* [WHAT YOU ARE ASKED TO DO]: The answer must be only the lines below from the one holding "На дно большой" down to the one holding "Szafa ELE 3", ends included, printed exactly; please omit all pictures.

* [DATA FOR PROCESSING]:
┌────────
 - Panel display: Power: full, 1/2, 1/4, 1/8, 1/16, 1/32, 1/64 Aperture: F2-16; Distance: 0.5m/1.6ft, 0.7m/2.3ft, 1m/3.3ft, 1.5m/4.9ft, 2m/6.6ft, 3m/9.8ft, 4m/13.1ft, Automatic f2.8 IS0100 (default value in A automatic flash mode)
└────────
┌────────
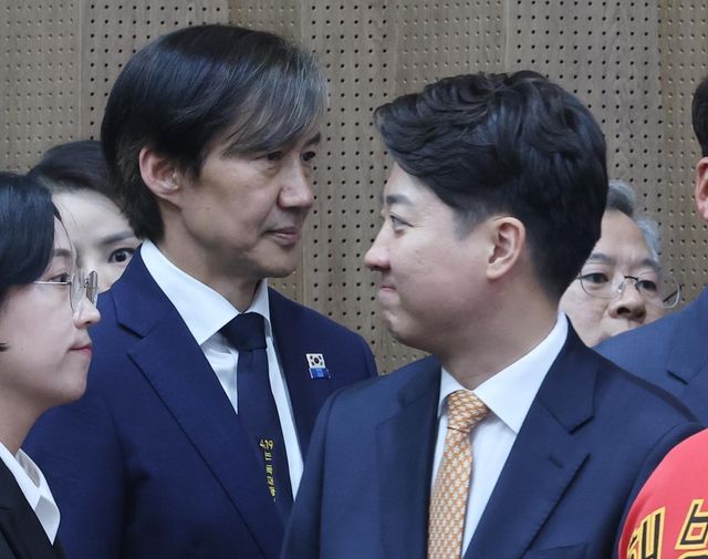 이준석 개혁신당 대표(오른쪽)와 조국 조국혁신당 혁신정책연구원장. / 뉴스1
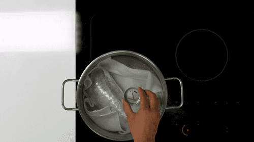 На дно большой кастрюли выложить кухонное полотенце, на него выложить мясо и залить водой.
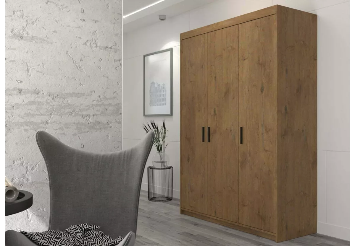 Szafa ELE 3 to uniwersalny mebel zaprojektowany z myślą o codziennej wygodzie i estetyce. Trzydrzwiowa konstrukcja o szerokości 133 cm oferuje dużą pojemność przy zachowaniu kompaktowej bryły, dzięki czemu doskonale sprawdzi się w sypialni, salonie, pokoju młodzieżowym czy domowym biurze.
└────────
┌────────
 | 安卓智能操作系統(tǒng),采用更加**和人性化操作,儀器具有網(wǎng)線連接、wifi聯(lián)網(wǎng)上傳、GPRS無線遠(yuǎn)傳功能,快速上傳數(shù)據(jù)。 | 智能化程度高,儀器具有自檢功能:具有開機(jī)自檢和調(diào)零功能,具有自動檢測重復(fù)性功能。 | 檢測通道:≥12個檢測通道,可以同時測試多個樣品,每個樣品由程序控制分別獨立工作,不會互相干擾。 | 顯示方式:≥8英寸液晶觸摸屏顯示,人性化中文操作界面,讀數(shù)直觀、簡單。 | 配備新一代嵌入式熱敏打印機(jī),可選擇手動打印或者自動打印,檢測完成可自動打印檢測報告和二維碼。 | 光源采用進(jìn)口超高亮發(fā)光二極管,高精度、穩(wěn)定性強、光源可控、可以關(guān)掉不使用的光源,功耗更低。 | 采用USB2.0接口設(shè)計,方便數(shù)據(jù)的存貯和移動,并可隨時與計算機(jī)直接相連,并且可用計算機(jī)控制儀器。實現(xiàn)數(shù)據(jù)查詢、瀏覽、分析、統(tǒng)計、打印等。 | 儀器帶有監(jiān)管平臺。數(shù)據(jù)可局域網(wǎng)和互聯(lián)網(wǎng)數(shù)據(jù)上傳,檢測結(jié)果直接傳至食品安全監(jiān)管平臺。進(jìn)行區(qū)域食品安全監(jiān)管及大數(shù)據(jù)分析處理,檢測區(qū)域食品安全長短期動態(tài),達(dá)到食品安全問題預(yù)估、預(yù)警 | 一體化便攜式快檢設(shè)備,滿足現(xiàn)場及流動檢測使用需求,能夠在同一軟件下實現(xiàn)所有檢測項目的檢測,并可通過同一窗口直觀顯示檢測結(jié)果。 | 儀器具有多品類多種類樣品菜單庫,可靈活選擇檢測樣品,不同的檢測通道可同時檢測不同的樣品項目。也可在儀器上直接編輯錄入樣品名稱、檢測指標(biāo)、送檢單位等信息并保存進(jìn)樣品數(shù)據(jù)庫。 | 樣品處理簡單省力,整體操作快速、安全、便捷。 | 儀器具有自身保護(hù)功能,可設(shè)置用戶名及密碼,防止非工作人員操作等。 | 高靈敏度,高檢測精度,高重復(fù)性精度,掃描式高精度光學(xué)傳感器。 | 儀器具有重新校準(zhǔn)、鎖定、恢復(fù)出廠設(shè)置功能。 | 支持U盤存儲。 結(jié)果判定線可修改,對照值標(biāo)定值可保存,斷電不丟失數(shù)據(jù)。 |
└────────
* [TASK RESPONSE]:
 На дно большой кастрюли выложить кухонное полотенце, на него выложить мясо и залить водой.
 Szafa ELE 3 to uniwersalny mebel zaprojektowany z myślą o codziennej wygodzie i estetyce. Trzydrzwiowa konstrukcja o szerokości 133 cm oferuje dużą pojemność przy zachowaniu kompaktowej bryły, dzięki czemu doskonale sprawdzi się w sypialni, salonie, pokoju młodzieżowym czy domowym biurze.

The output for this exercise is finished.